As a customer, your options are plentiful. As an investor, you can make money here: you just have to be resourceful about it. Imagine a market so relatively free that it lets you sell stuff you don’t own.

BBY seems like a perfect example of something worth selling short. This is vastly different than selling a house short. You borrow the stock, hope it loses value, then buy it, then return it to the lender at the original price.

Sound like too much work? Heck, it’s an opportunity. The holder of BBY obviously thinks it’ll appreciate, so it’s only fair that there be a mechanism for profiting off daring him to be wrong.

The compact explanation is as follows. BBY is currently trading at around $20. Say you borrow $20,000 worth of shares, which you can hopefully figure out is 1000 shares. You wait 3 months, and the price has fallen to $16. You then buy $16,000 worth of shares, sell them to the entity you borrowed the original 1000 shares from, and pocket $4,000 (less borrowing charges.)

But instead of following the predicted downward trend for those 3 months, Best Buy gets a patent for a perpetual motion machine. Or finds an oil patch underneath its corporate headquarters (which would be noteworthy, seeing as it’s in a Minneapolis suburb.) The stock shoots up to $60, and the lender wants his 1000 shares back. That’s going to cost you, Ace. $60,000, to put a nice round number on it. You’ll be out $40,000 for your little exercise in semi-sophisticated trading (again, plus borrowing charges.)

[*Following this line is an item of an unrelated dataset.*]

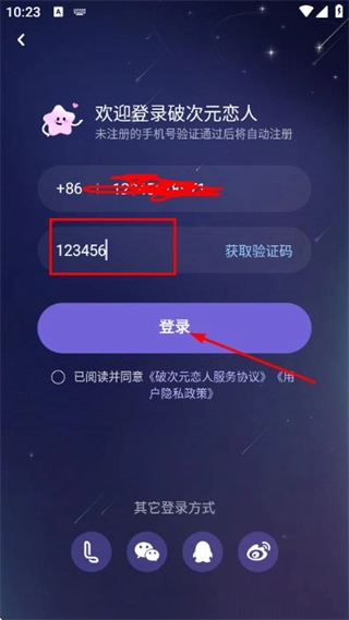 3、在登录页面填写验证码,勾选协议后,点击登录完成账号登录操作。

What about the actual specifics of short selling? It starts by opening a margin account. E*Trade*, for instance, will let you open a margin account with a minimum balance of $2000 if you already have a regular account with them. When you use a margin account, you’re borrowing E*Trade’s money. You can’t run away from them if you come up short. They know where you live, and they have your money.

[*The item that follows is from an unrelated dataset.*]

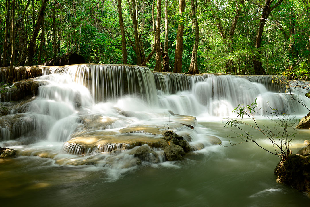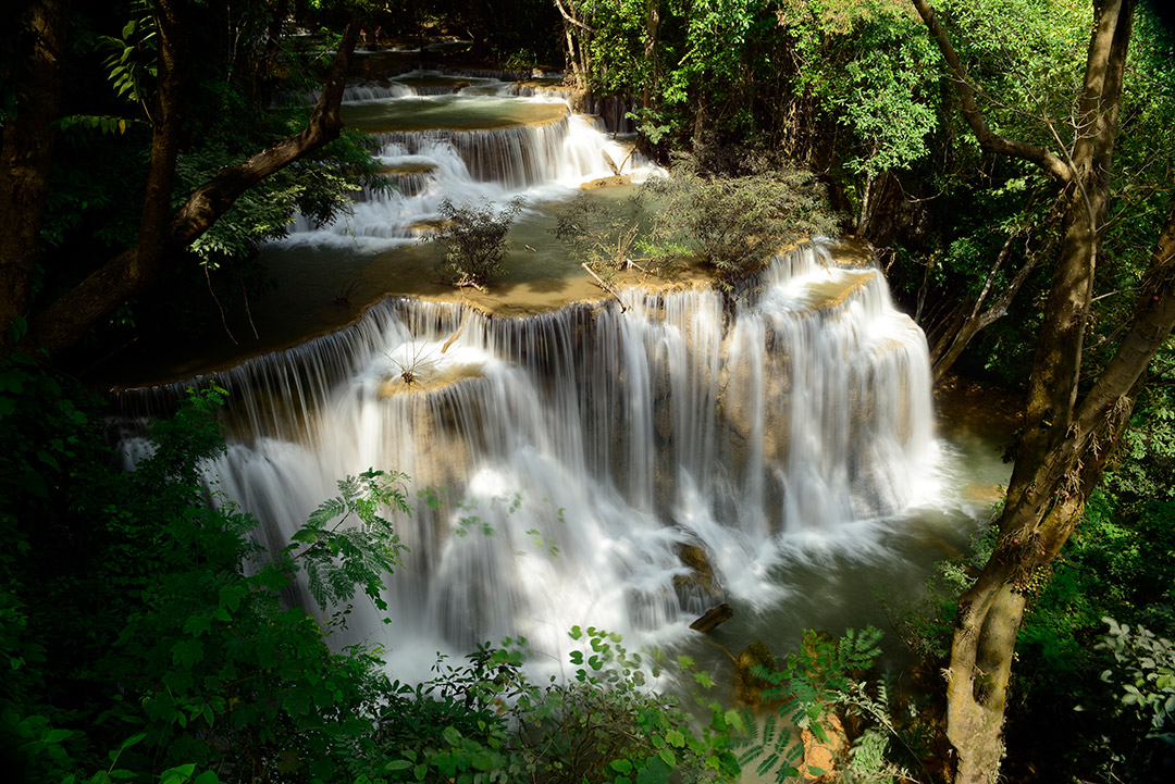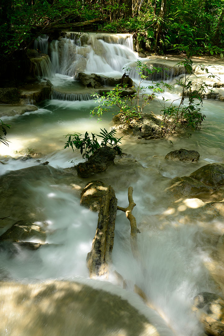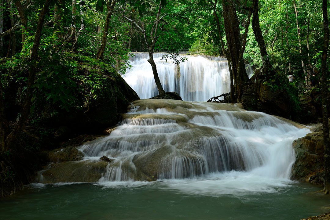 น้ำตกเอราวัณ ชั้นที่ 1 ไหลคืนรัง มองเห็นไปยังชั้นที่ 2 เลนส์ 24-70 1/5 วินาที f/11

So say BBY falls in value, but not by as much as you’d like. After your arbitrary 3-month period, the borrowed money comes due with the stock sitting at $19.53. How much would you make?

This isn’t hard to figure out, and you can probably do it in your head. $470, right?

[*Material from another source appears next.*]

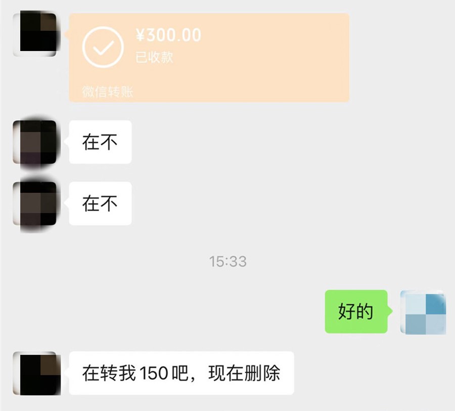 屈某向商家索要“删帖费”的聊天记录。警方供图
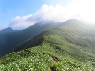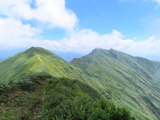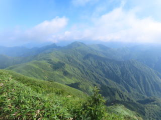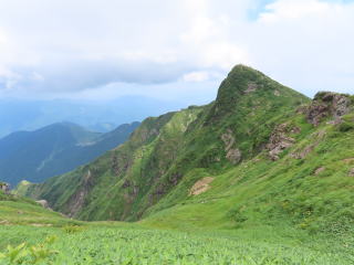 七ッ小屋山(1674.7m) 武能岳(1760m) 茂倉岳(1978m) 一ノ倉岳(1974.1m) 谷川岳 オキノ耳(1977m) トマノ耳(1963m) 2024年(令和6年)8月3日 清水峠避難小屋4:45…七ッ小屋山6:01…蓬峠7:08…武能岳8:11…茂倉岳10:44…一ノ倉岳11:51…オキノ耳13:23…トマノ耳13:47…天神平駅15:55…谷川岳インフォメーションセンター16:30=湯テルメ谷川

Go back and read the post again. From the top. E*Trade (or anyone else, other than a particularly dupable family member) is going to charge you interest. Your net profit for that imperceptible decline in the stock price is 0.

Never make an investment without knowing the interest rate you’ll be charged on any money you borrow.
Never make an investment without knowing the interest rate you’ll be charged on any money you borrow. 
Never make an investment without knowing the interest rate you’ll be charged on any money you borrow.

Should we say it once more, underlining this time, or did you get the message?

Brokerages start with something called the “base rate”. E*Trade set its at 4.14% a couple of years ago, and it’s remained untouched since. If you have half a million dollars in your margin account, you get to borrow money at the base rate. (Put a million in your account, and they’ll take 25 basis points off the base rate.) But the less your ability to repay, the higher the interest rate you’re charged. That’s why unsecured credit cards charge so much, which you shouldn’t be paying interest on anyway. With that $2000 minimum balance in your margin account, you’ll pay a 430-basis-point premium on the money you borrow. 8.44%. You’re almost better off borrowing on that credit card. Almost. Here’s the list of interest rates, segmented by size of account balance:

 

Making money’s a pain, isn’t it? For a beginning-to-intermediate investor, better to find something undervalued and buy it long than search for something overvalued. The worst thing that a stock you perceive to be undervalued can do is fall to 0. A stock that you think is overvalued, but isn’t, can rise so high that you’ll lose your margin account, your house, your 401(k) and the respect of your friends and family. Now, who’s up for some trading?

 

*Technically, the name is supposed to be in all caps. They should consider themselves fortunate that we’re deigning to indulge even one of their typographic fantasies by spelling the company name with an asterisk. The asterisked name spawned an asterisked comment, adding to the confusion, a confusion that this asterisked comment can’t hope to resolve.